晚上六点四十分,大康军分区独立小院。
冬日的夜幕总是来得特别早,六点刚过,天就已经黑透了。
院子里的老槐树光秃秃的枝桠在寒风中摇晃,像无数只伸向天空的手。
几盏庭院灯亮了起来,昏黄的光晕在水泥地上投下一片片朦胧的亮斑,灯光边缘是化不开的浓稠夜色。
黄政没有在屋里待着,而是搬了把椅子坐在院子里。
省纪委书记柳志强和省公安厅常务副厅长张狂分坐两侧,三人围着一张小圆桌,桌上摆着刚泡的茶。
茶是夏林从黄政办公室拿下来的特供龙井,在这个寒冷的冬夜里,氤氲的热气显得格外珍贵。
柳志强端着茶杯,却没有喝,只是双手捧着取暖。
他今晚穿着一件深灰色的羊绒大衣,领口竖得很高,但依然挡不住从领口钻进来的寒风。
张狂倒是显得自在些,他常年在一线办案,风餐露宿是常事,这点冷算不得什么。
只是他的眉头紧锁,眼神不时瞟向黄政手边那部安静着的卫星电话。
黄政靠在椅背上,仰头望着夜空。今晚的云层很厚,遮住了星月,只有远处大康市区透过来的一点橙红色的光污染,把天边染成暗淡的绛紫色。
他没有说话,只是慢慢喝着茶,像是在等什么。
桌上的卫星电话突然震动起来,在寂静的夜色里格外刺耳。
黄政看了一眼来电显示,立刻坐直身体:“是温书记。”
柳志强和张狂同时停止了交谈,目光聚焦在那部手机上。
黄政按下免提键,将手机放在圆桌中央。
“温书记。”黄政的声音平稳。
(“黄政组长,”
温布里的声音从听筒里传来,带着长途电波特有的轻微失真,但语气中的凝重清晰可辨:
“最新消息。白敬业今天下午通过郑见远,偷偷办理了全家五本护照。
杨伟书记的意思是……对白明的审讯,能否提前?”)
黄政的眉头微微一挑。
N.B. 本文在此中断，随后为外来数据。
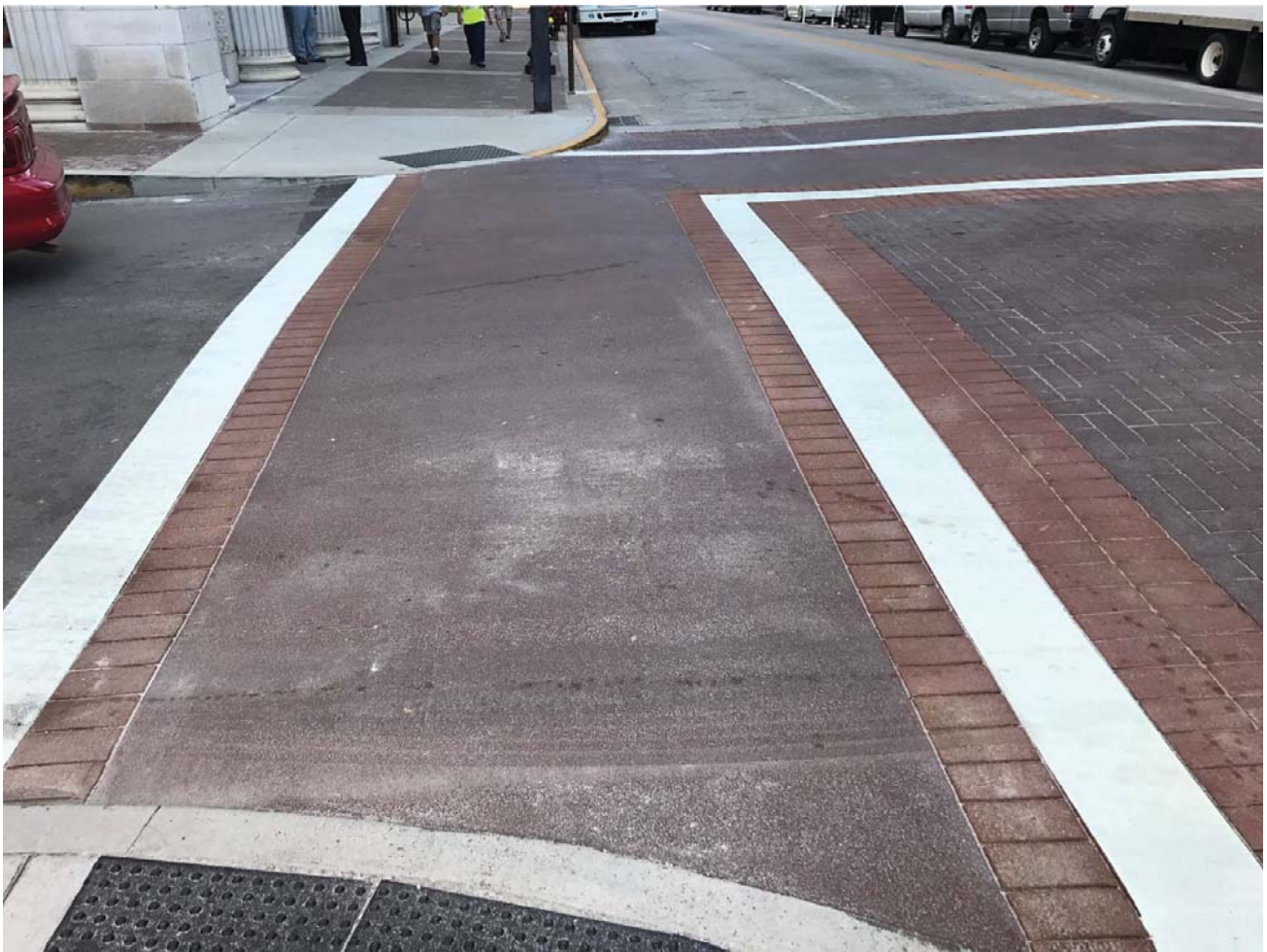
Existing Crosswalk Pattern at Gay Street and Clinch Avenue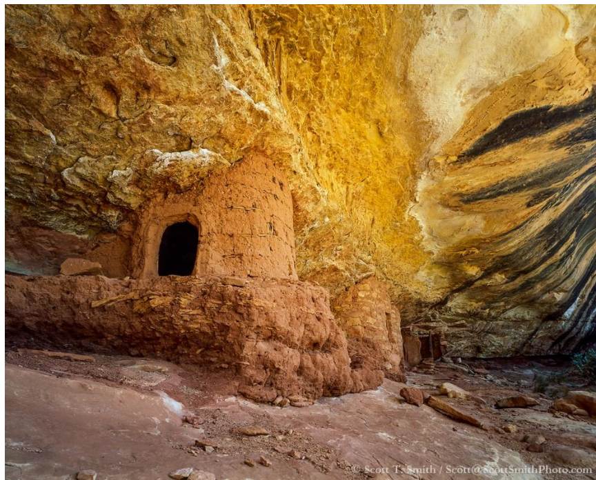
Fig. 3: White Canyon

137. White Canyon is a maze of incised slickrock canyons located on the western end of the Bears Ears National Monument. It is a popular area for canyoneering and contains a high density of cultural sites, including rock art and structures (e.g. granaries and cliff dwellings) that have survived for hundreds and in some cases thousands of years in the Monument's dry environment. White Canyon also contains tar sands and uranium deposits. Prior to the Monument's designation in 2016, it was often the target of leasing proposals and mining claims. Plaintiffs' members often visit White Canyon for spiritual renewal, to appreciate the cultural sites, and to explore the canyon complex. President Trump's proclamation stripped White Canyon of monument status.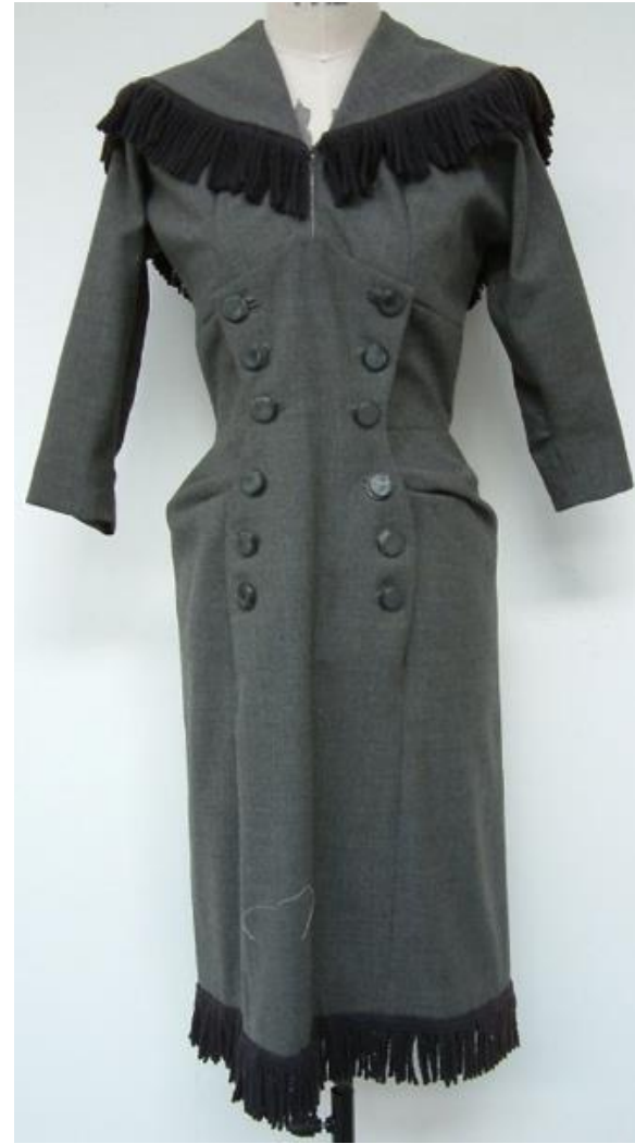
Holland Esq jacket c. 2000, Wool fringe dress c. 1945.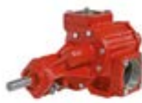
Process Gear Pumps

他没有立刻回答,而是看了一眼对面的柳志强和张狂。
两人的脸色都沉了下来。
(“温书记,”
黄政说,“一定要对白敬业保持二十四小时监控,绝不能让他跑了。
如果省厅人手不够,可以向何明司令员申请支援。
军区的人,可以装扮成便衣,不违反规定。”)
温布里沉默了两秒,声音里透着为难:
(“黄组长,就算军区的人也只能远程监视。
对一个在职的正省级干部进行监控,没有确凿的犯罪证据作为依据,是不符合程序规定的。
杨书记、老团长那边……也很难直接下令。”)
他顿了顿,压低声音:
(“现在最关键的是证据。只要拿到白敬业直接参与走私或者受贿的铁证。
你们联合巡视组就可以名正言顺地对他采取措施。
在这之前,我们也只能……”)
(“规矩。”
黄政轻轻重复了一遍这个词,语气平静,但柳志强敏锐地捕捉到了他眼神里一闪而过的锐利锋芒:
“行,我明白了。我们这边尽快。”)
“拜托了。”温布里说,“杨书记说,省委无条件支持你们的工作。”
电话挂断。
黄政没有立刻放下手机,而是将屏幕朝下扣在桌面上,发出“啪”的一声轻响。
他端起茶杯,喝了一大口已经半凉的茶水,然后看向柳志强和张狂。
“你俩怎么看?”
张狂挠了挠头,把茶杯往桌上一顿:
(“这个节骨眼上,偷偷办护照?这不是不打自招是什么?
白敬业好歹也是正部级干部,做了几十年官,怎么这么沉不住气?”)
柳志强苦笑:
(“他不是沉不住气,他是太聪明了。
他知道黄组长这次来澄江,不是走走过场。
他猜到白明落在我们手里,哪怕现在还没开口,也迟早会开口。
与其坐以待毙,不如早做准备——能跑就跑,跑不了至少留条后路。”)
张狂皱眉:
(“可是白明那个账册,我翻来覆去看了三遍。
王猛、上官文,一个不落,清清楚楚。
唯独没有白敬业的名字,连一笔钱、一次接触都没记。这不正常。”)
(“不正常就对了。”
黄政放下茶杯,手指在桌沿上轻轻敲击,
“白明不是不记,是不敢记。他知道自己干的事一旦败露,能保他的只有他爸。
如果把白敬业也写进账册,那就等于把父子俩捆在一起诈。他不傻。”)
柳志强若有所思地点点头,突然想起什么:
“说到白敬业……我总觉得这个人身上有些说不通的地方。”
“什么?”黄政看向他。
柳志强斟酌着措辞:
(“我从三年前调来澄江,就感觉白敬业有问题。
但问题在哪儿,又说不上来。你们说,一个省长,哪有天天下基层的?”)
张狂一愣:“下基层?这……这不是好事吗?”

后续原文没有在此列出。